Kudos to all of these amazing students!

"Piga Picha"

It was a beautiful sunny day in Seela, Tanzania. I’m playing with the children outside. A little boy, probably about 7 years old motions to me to follow him. He has a shy smile on his face and he speaks quickly and with a measure of determination. I pick out the Swahili words “njoo” (“come”) and “nyumbani” (“at home”). “You want me to come to your house? Mimi na wewe? Nyumbani yangu?”

He nods. So we go hand in hand. We walk down the road a short way and then down a dirt path to his home.

He shows me where the calabash are growing. “Piga picha” he says….”Take a picture” (by now, all of the children are well acquainted with the magic of my camera). I take a photo, show him the photo on the camera, and he nods.

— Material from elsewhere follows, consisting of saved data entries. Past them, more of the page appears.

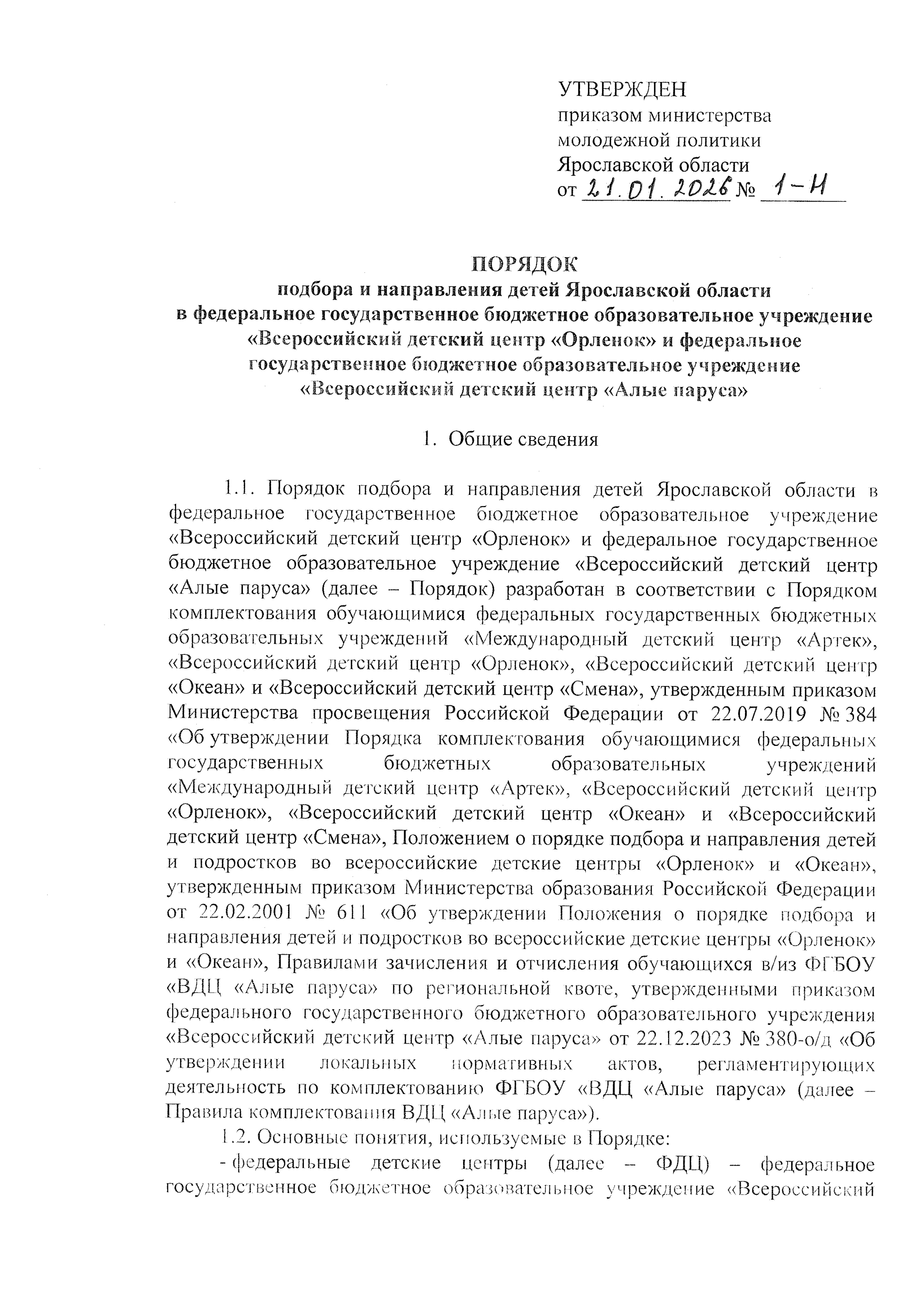 Приказ министерства молодежной политики Ярославской области от 21.01.2026 № 1-н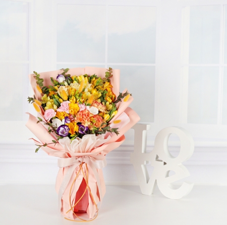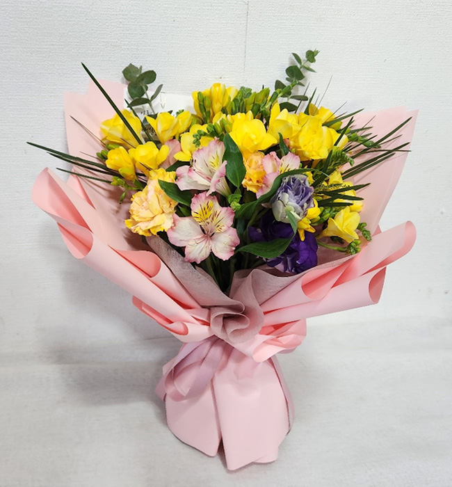 프리지아, 각종 계절 혼합꽃 및 계절 그린소재, 리본 또는 카드.
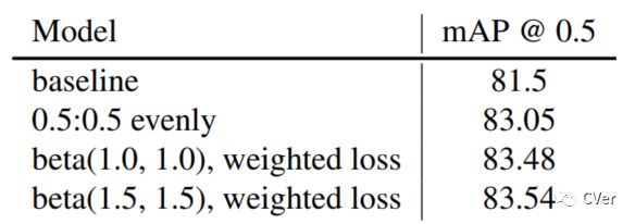注意mixup中最重要的超参数就是α 和 β ,不同的值对结果(mAP)会有很大影响,结果如下所示: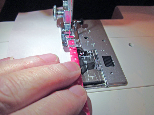 - Edgestitch along the bottom of the binding through all the layers, removing the clips as you approach each one.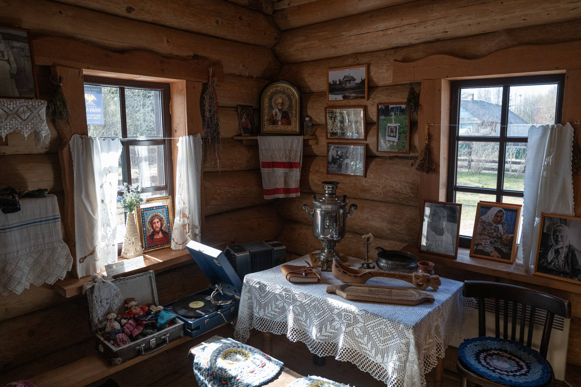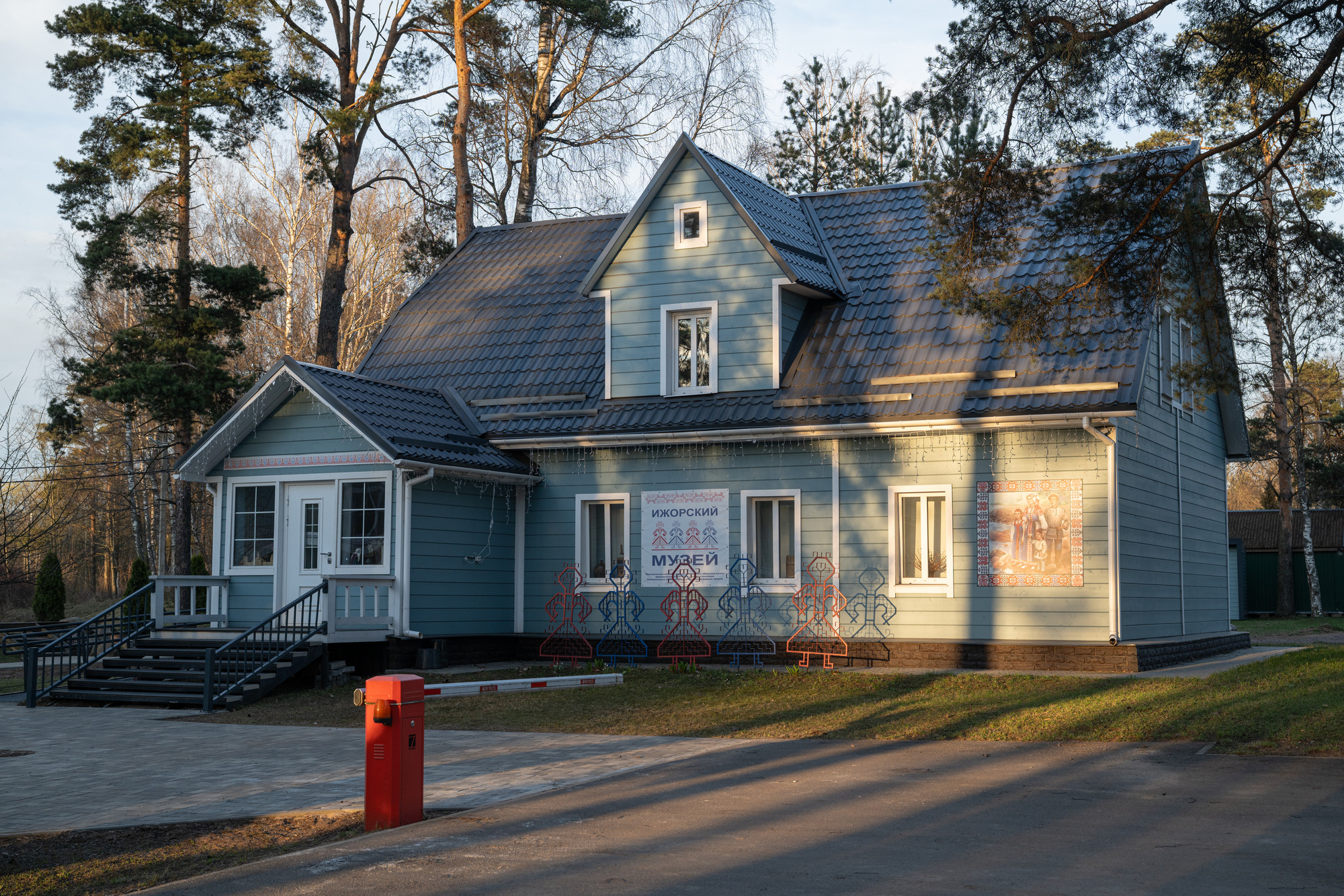 Музей в Лужицах выделяется на фоне обветшалых домов. Это новое бревенчатое здание, по фасаду украшенное каменной кладкой. Его возвели с нуля, два прошлых музея сгорели. Среди вожан ходят слухи, что специально подожгли. Что на самом деле произошло — неизвестно.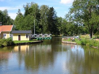Keywords: sweden göta channel water tree house sluice summer sky blue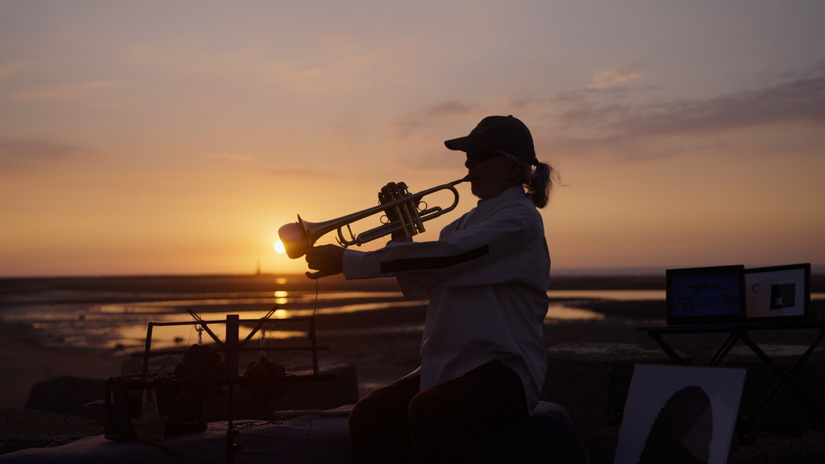 ・(23)夕日とトランペット 台湾の湿地にて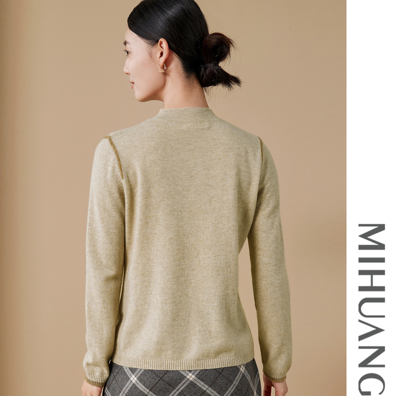 米皇秋季新款半高领羊绒衫女上衣时尚纯色淑女纯羊绒毛衣针织衫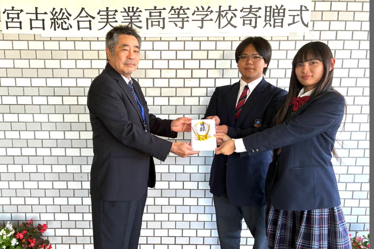 贈呈式では、同科代表者の仲本泰駕さんと下地茶花さんが「科の全員で活動しながら積み立てた寄付金です。宮古島市の困っている人たちのために役立ててください」と思いを語り、野原勝会長へ手渡した。

We walk closer to the house. He takes me over to his brother and we greet each other… ”Hujambo Mama” ”Sijambo” “Habari za leo” “Nzuri, asante, nawe” “Salaam sana” “Asante”.

The little boy stands by the coffee tree where his brother is picking red, ripe coffee berries. “Piga picha” he says again. And I take a picture, delighted as he is with these photo opportunities. “Piga picha” again as he kneels down by the bucket of red coffee berries, and then as he stands first by the goat, and then in the doorway of his home, built of rough timber and a tin roof, gaps between the boards big enough to peer through.

Each time, he checks the camera to make sure I took the photos. Each time looking with a nod of confirmation and a shy smile.

He then pulls me by the hand, around to the back of the house.

I am not prepared for that I will see. My hand goes to cover my mouth as I stifle my unexpected intake of breath. The realization rocks me.

This is the little boy who people in the village had been talking about quietly in the days since my arrival in the village. This is the little boy whose mother had died the week before.

He had brought me to her grave.

“Mama Sue,” he said solemnly, almost a whisper, “piga picha.” It was my turn to nod.

As he stood there next to the rough wooden cross on which his mother’s name was painted, I silently complied with his simple request. “Piga picha.”

A picture of a little boy at his mother’s grave. That must have been how I looked as a child, standing at my own mother’s grave – 40 years earlier – when I was 7 years old.

The cycle of life and death never changing.